“Can you imagine the feelings of the Kessab people as they climbed on foot the long trail up the mountain, and then as they came over the ridge into full view of their charred and ruined dwellings? Their stores of wheat, barley and rice had been burned; clothing, cooking utensils, furniture and tools had gone; their goats, cows and mules had been stolen; their silk industries stamped out; their beloved churches reduced to smouldering heaps. The bodies of their friends and relatives who had been killed had not been buried. And yet the love of home is so strong that the people have settled down there with the determination to clear up the debris and rebuild their houses.”—Extracts from “The Sack of Kessab,” Stephen Van R. Trowbridge.

As these sheets are going through the press there comes news of famine at Zeitoon. The Rev. F. W. Macullum, American Missionary at Marash, writes to the Rev. W. W. Peet, American Missionary at Constantinople, that 12,000 souls in and around Zeitoon are dying of hunger; they are wandering about in rags, mixing bran and water, and cooking and eating it, if they can get even that. Rev. Macullum adds, “The same story comes to us from all sides. As we foresaw all along, from now on the distress will be greatest.”
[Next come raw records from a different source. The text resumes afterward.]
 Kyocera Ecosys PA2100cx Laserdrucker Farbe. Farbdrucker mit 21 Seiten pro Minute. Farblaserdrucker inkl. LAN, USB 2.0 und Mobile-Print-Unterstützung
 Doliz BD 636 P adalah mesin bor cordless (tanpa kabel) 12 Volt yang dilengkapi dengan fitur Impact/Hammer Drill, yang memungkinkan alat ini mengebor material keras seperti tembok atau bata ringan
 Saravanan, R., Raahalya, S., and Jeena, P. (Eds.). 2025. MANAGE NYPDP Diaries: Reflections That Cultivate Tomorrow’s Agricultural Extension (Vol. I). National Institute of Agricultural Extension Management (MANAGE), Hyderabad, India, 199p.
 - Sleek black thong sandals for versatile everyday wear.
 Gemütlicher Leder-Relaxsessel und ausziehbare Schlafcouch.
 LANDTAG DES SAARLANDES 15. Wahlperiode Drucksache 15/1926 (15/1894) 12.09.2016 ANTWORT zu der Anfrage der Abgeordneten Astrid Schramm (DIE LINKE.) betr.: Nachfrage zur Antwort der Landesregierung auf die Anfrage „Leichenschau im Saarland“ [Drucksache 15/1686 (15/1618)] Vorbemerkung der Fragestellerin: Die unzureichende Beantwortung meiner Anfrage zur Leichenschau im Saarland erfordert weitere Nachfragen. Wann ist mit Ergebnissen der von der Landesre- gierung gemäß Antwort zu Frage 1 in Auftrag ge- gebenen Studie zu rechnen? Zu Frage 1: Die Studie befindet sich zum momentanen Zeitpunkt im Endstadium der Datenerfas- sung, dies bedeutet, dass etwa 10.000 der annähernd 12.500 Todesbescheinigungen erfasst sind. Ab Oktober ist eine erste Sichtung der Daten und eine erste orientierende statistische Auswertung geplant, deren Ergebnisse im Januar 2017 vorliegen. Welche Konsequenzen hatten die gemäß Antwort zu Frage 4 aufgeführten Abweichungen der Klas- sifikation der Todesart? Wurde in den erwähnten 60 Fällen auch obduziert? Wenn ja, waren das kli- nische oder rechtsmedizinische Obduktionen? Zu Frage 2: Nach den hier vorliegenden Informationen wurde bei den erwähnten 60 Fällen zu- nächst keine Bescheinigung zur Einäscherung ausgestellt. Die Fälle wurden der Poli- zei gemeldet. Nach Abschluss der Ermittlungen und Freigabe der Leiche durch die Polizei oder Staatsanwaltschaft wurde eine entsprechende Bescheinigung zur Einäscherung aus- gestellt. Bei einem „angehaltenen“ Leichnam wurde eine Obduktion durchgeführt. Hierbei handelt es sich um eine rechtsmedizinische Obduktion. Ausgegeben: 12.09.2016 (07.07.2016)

If 50,000 were massacred, the list of those who have died and are dying of homelessness and starvation will exceed 150,000. It is true; and the numbers are not exaggerated. Last year the people reaped no harvest, and this year there are no sowings.

The latest news is that Mush, a prosperous Armenian village that had escaped the desolation of the massacres, has been plundered in a night attack by armed Kurds, and the villagers are now reduced to extreme distress. Before the outbreak the Armenian patriarchal vicar at Mush had repeatedly appealed to the Armenian Patriarch at Constantinople, and the Armenian Patriarch had repeatedly appealed to the Authorities at Constantinople asking protection for the villagers of Mush as a Kurdish attack was apprehended. It is evident that the authorities at Constantinople are unable to protect thriving Armenian villages from Kurdish and Turkish raiders.


PREFACE TO 2ND PRINTING.

The first and second parts of this little book were written and printed in pamphlet form for circulation in the United States, shortly after the Adana Massacres of April, 1909. I have now thought it advisable to add a Supplement of a short history of the Origin of the Armenians and the Introduction and Revival of Christianity in Armenia.

The illustrations and the extracts from the periodicals “Harper’s Monthly,” “The Wide World” and the “Cosmopolitan” have been added to the 2nd printing.